### Your assignment
The copy must hold every line from the one with "кг (трибенурон-метил 750..." through the end of the listing, word for word, and must hold no pictures.
Stored data Block Start
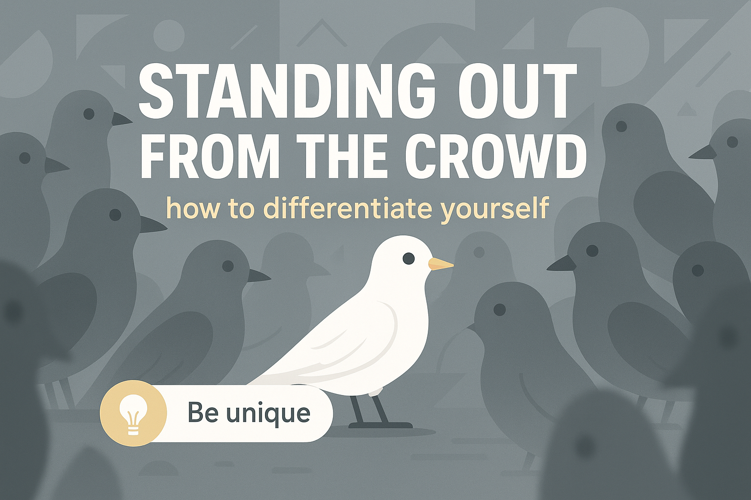 /Collection: /by davooda/Type: PNG/A visually engaging graphic illustrating the theme of individuality with a white bird among a crowd of gray birds. Ideal for presentations or social media posts focused on personal branding.
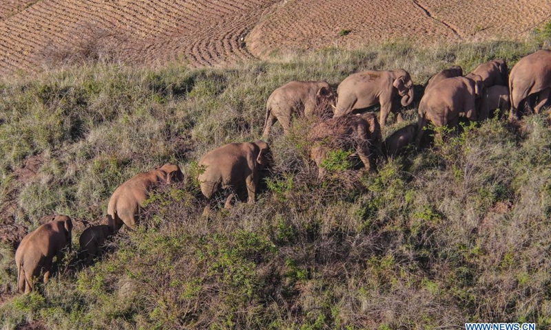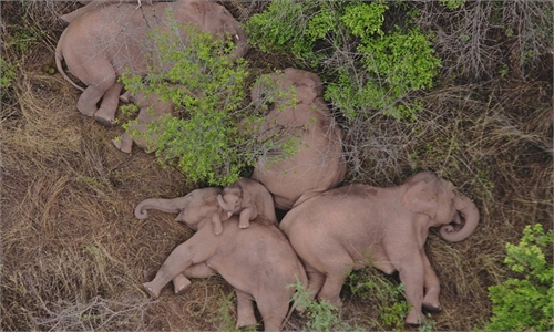 Aerial photo taken on June 19, 2021 shows a herd of wild Asian elephants in Dalongtan Township of Eshan County, Yuxi City, southwest China's Yunnan Province. From June 18 to June 19, China's famous herd of wandering elephants has headed 3.09 km southwest and continued to linger in Dalongtan Township of Eshan County. (Photo:Xinhua)
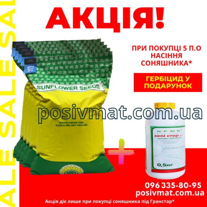 **Насіння соняшника толерантне до гранстару + гербіцид у подарунок** **Регіон:** вся Україна **Призначення зерна:** Посівний матеріал Придбайте посівний матеріал соняшника гібридів, що володіють толерантністю до гранстару, та отримайте у подарунок гербіцид у кількості 0,5 кг (трибенурон-метил 750...
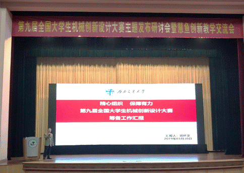2019年3月30日,第九届全国大学生机械创新设计大赛主题发布研讨会暨慧鱼创新教学交流会在杭州电子科技大学举行,我院教师田怀文教授、张则强教授、杨宁学和杨怀银老师在田院长的带队下参会学习;副院长田怀文教授在大会上详细汇报了承办大赛筹备情况,并引起了与会代表的关注,反响热烈。
Stored data Block End
### Exercise result
 **Насіння соняшника толерантне до гранстару + гербіцид у подарунок** **Регіон:** вся Україна **Призначення зерна:** Посівний матеріал Придбайте посівний матеріал соняшника гібридів, що володіють толерантністю до гранстару, та отримайте у подарунок гербіцид у кількості 0,5 кг (трибенурон-метил 750...
2019年3月30日,第九届全国大学生机械创新设计大赛主题发布研讨会暨慧鱼创新教学交流会在杭州电子科技大学举行,我院教师田怀文教授、张则强教授、杨宁学和杨怀银老师在田院长的带队下参会学习;副院长田怀文教授在大会上详细汇报了承办大赛筹备情况,并引起了与会代表的关注,反响热烈。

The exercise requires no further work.